Lewat bertemu (baca: silaturrahmi), ketakutan-ketakutan yang tak perlu dan prasangka-prasangka negatif mencair, lalu menguap dan digantikan oleh senyum sumringah kebersamaan dan persaudaraan. Tentunya, pertemuan-pertemuan menuju islah HMI harus dilakukan secara menyeluruh, mulai dari para alumni hingga semua jenjang struktural HMI.

Di tingkatan alumni, islah memang sudah terjadi secara struktural dan (meskipun tak sepenuhnya) kultural juga. Hal ini dibuktikan dengan tidak adanya KAHMI DIPO dan MPO. Yang ada hanya KAHMI.

Pada tataran pengurus dan kader dari kedua belah pihak lah, intensitas silaturrahmi seharusnya ditingkatkan. Di tingkat pengurus besar tentu telah berkali-kali bertemu mengupayakan islah, tapi bagaimana dengan pengurus cabang, komisariat dan kader HMI secara umum? Menurut sepengamatan saya sangatlah jarang, malah lebih sering menjalin silaturrahmi dengan organisasi ekstra lain.   

Seharusnya, upaya islah HMI harus dilakukan secara menyeluruh. Tidak hanya pengurus besarnya saja, seluruh elemen keluarga besar HMI harus bersama-sama mengupayakan islah. Hal ini untuk mencegah kemungkinan buruk terjadi: bisa jadi di tingkat pengurus besar telah terjadi islah, tapi di tingkat ‘akar rumput’ masih terjadi gejolak dan belum menerima sepenuhnya karena lestarinya fobia-fobia dan minimnya pertemuan-pertemuan.
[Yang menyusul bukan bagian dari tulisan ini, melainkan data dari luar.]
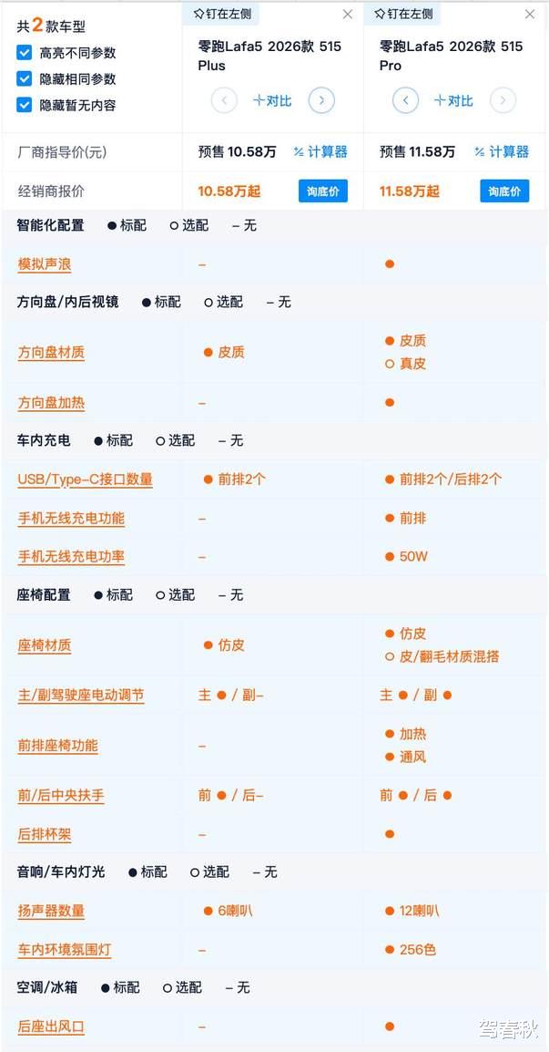 除此之外,Pro版还多出了前后头部气囊、电动后备箱、全景天窗、外后视镜调节、折叠、座椅加热/通风、前排50W手机无线充蒂娜、方向盘加热、后排中央扶手、后排杯架、后排出风口等,再来看差价,515 Plus版预售价10.58万,515Pro预售价11.58万,只相差1万元,这样来看Pro版显然更加合适。
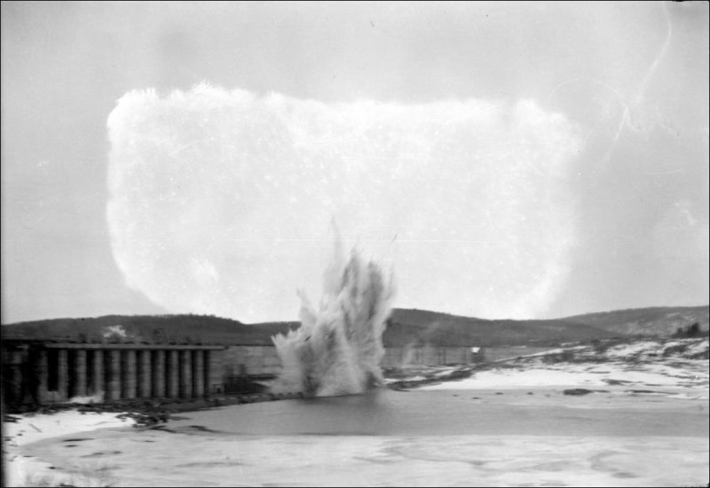 Lac Kénogami, construction des barrages Pibrac et des digues: Barrage Portage-des-Roches, première partie de la vieille écluse dynamitée
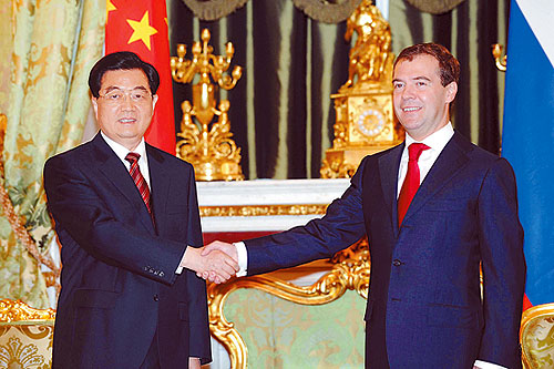 梅德韦杰夫表示俄方高度重视发展对华关系,他就发展两国关系提出建议。第一,深化政治合作,加强两国民众对发展两国关系的支持,增进相互感情,坚持两国睦邻友好。第二,扩大经贸合作,加强能源、机电、科技、农业、电信、金融、军技等领域合作,带动双边贸易发展。第三,重点发展两国地方和边境地区合作,为边境地区居民创造良好工作生活环境。第四,在国际舞台上加强沟通和配合,加强在上海合作组织、“金砖四国”、二十国集团、八国集团同发展中国家领导人对话会议等场合的合作。第五,在重大国际和地区问题上加强合作,探索合作新模式,共同应对国际金融危机冲击。双方人文合作发展良好,当前尤其要共同办好“语言年”。
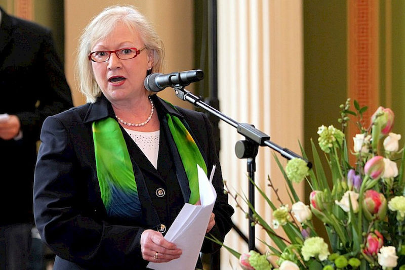 Die Geburtstags-„Kinder“ – wie sie die Oberbürgermeisterin sie kurz nannte – bedankten sich bei den Gästen. „Meine Mutter ist heute hier und hat mir an diesem Tag etwas sehr Wichtiges gesagt“, erklärte die Prorektorin. Das habe sie sehr aufgebaut, nämlich die Worte: „Kind, du bist doch noch soo jung.“ Daran knüpfte Rektor Sträter an und wies auf sein Recht hin, als Letzter zu sprechen: „Immerhin bin ich mit fünf Stunden der Ältere“. Er habe vor gehabt, den Worten seiner Vorrednerin nur ein „genau“ anzufügen. Das gelang dann aber doch nicht ganz, denn schließlich musste er noch auf das denkwürdige Ereignis vor genau 100 Jahren hinweisen: „Die Titanic startete am 10. April 1912 ihre Jungfernfahrt von Southamton nach New York.“ Dass das weitere Geschehen jedoch mit dem Doppelgeburtstag rein gar nichts zu tun habe, hob er schließlich hervor und sorgte damit erneut für heitere Stimmung im Saal.
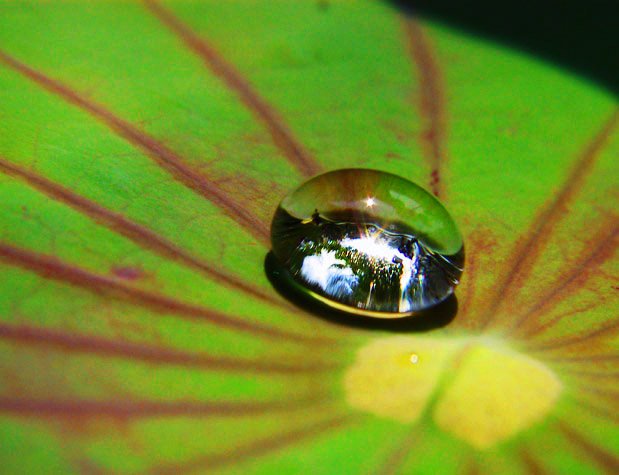The Singapore Botanic Gardens, reflected in a water droplet on a lily pad.
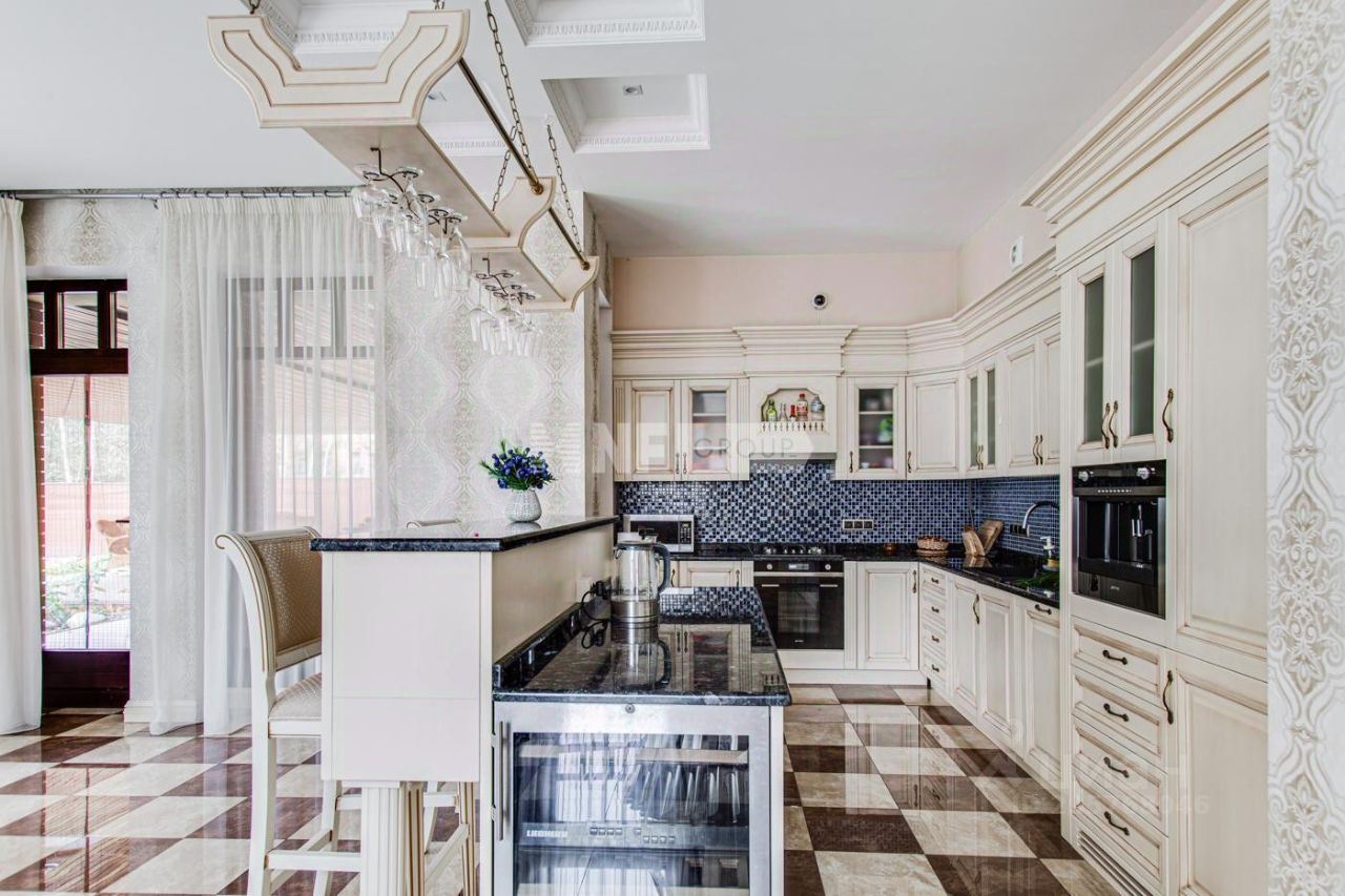 Дом выполнен в светлых и пастельных тонах с использованием дорогих и натуральных материалов. Внутренняя отделка выполнена из экологически чистых материалов, включая американские бумажные обои и венецианскую штукатурку. Полы покрыты испанским и итальянским керамогранитом с водяным подогревом и натуральным дубовым паркетом.
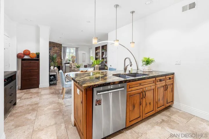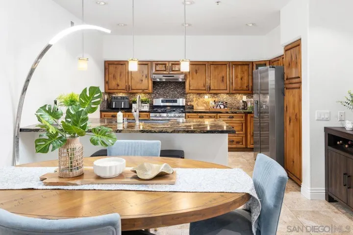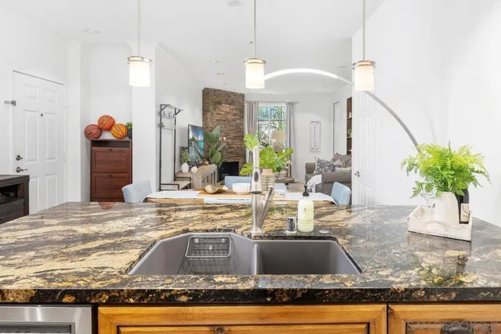 Welcome home to this beautifully upgraded two bedroom plus private den/office corner residence in the gated community of The Heights, thoughtfully designed for seeking comfort, convenience, and access to top tier schools. Located in one of San Diego’s most desirable school districts, this home offers the rare advantage of having the elementary, middle, and high schools just steps away. Morning drop offs become easy and after school activities are effortlessly accessible. Inside, the home is filled with natural light throughout the day, creating a warm and uplifting atmosphere. As a corner unit, you will enjoy added privacy along with peaceful tree views from every window. The flexible third room offers the perfect space for a home office, study area, playroom, or guest room. The kitchen is both stylish and functional, featuring Brazilian granite countertops with elegant pendant lighting, stainless steel appliances including a newer refrigerator, and a Spanish stone backsplash that extends to the fireplace. Recessed LED dimmer lighting throughout, interior designer paint, and flooring with no carpet deliver a clean and modern feel that is easy to maintain. Central HVAC ensures year round comfort. The Heights offers resort style amenities where you will enjoy a pool, spa, clubhouse, and fitness center. The HOA covers water and trash. Parking is convenient with a private garage plus an additional assigned space nearby. Enjoy close proximity to shopping, groceries, and restaurants in One Paseo and Del Mar Highlands and Carmel Valley Recreation Center and library nearby. Just minutes to I-805, I-5, and 56 freeway and the beautiful beaches of Del Mar/Torrey Pines. A rare opportunity to own a bright and private corner residence in Carmel Valley, where top rated schools, inviting surroundings, and everyday convenience come together to create the ideal lifestyle.
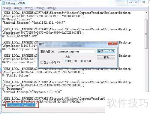 11、 用记事本打开保存的reg注册表文件,按搜索Internet Explorer,找到相关文本后,定位对应的控件ID编号。
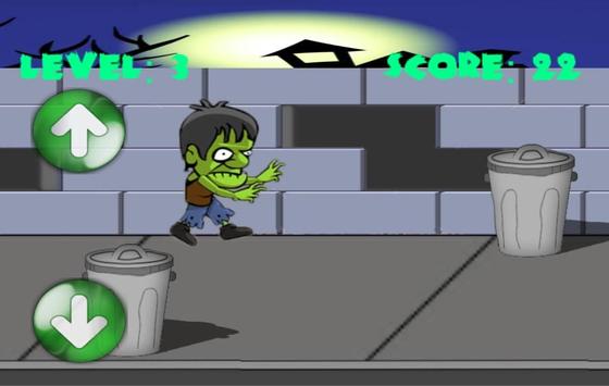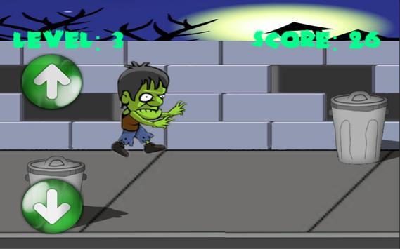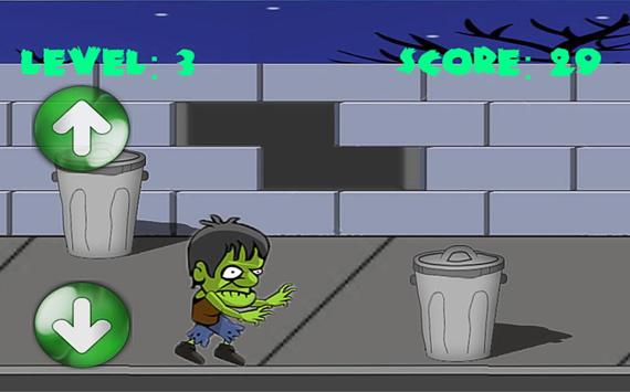 Your goal in this game is walking down the sidewalk and dodge the garbage cans to prevent collisions. Walk down the sidewalk and be quick in control to not let the zombie bump in the garbage cans
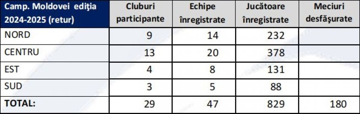 2025: 47 echipe și 829 jucătoare cu o creștere de 4.53%;
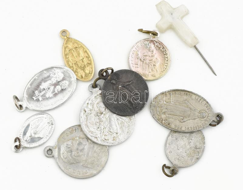 Beschreibung: 10 db vallási medál, kis kegytárgy
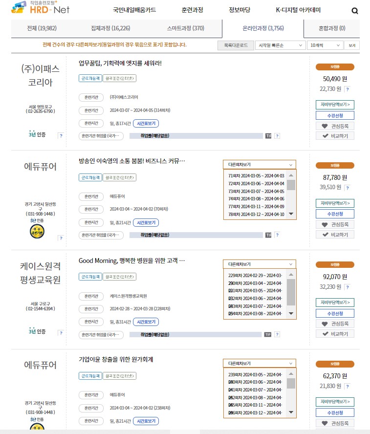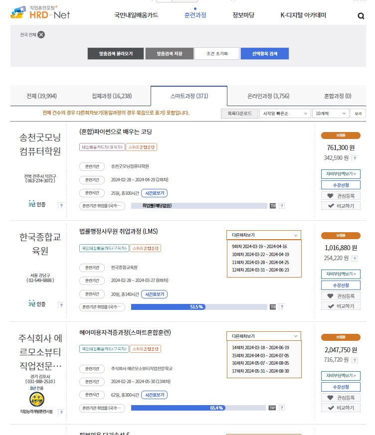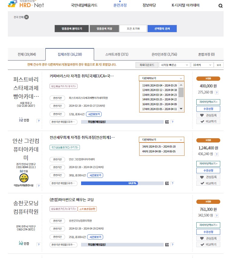 HRD-Net 홈페이지에서 로그인을 한 후 훈련과정 => 내일 배움 카드 훈련과정에서 확인해 볼 수 있습니다.
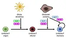 Inicialmente para su activación y expansión clonal las células vírgenes necesitan de la IL-2 y la IL-15 proporcionada por las células dendríticas durante la presentación del antígeno. Una vez las células efectoras realizan su función, la mayoría mueren por apoptosis. Sin embargo, pueden evitarlo mediante citocinas de supervivencia que además median su transformación a célula de memoria. La más importante de ellas es la IL-7[7] secretada de forma constitutiva por las células estromales, lo que explica la alta concentración de su receptor (CD127) en la superficie; pero también interviene la IL-15. Ambas citocinas estimulan la expresión de proteínas antiapoptóticas e inducen una ligera proliferación.[8]

Saat islah terjadi, semua elemen dalam keluarga besar HMI harus betul-betul siap, terutama, secara emosional. Karena persoalan Islah bukan sekadar bersatunya HMI secara administratif-konstitusional yang ditandai dengan nota kesepahaman dua petinggi organisasi, melainkan lebih dari itu: merekatkan kembali ikatan emosional demi tujuan ideologis HMI dengan tetap mempertahankan pluralitas yang ada.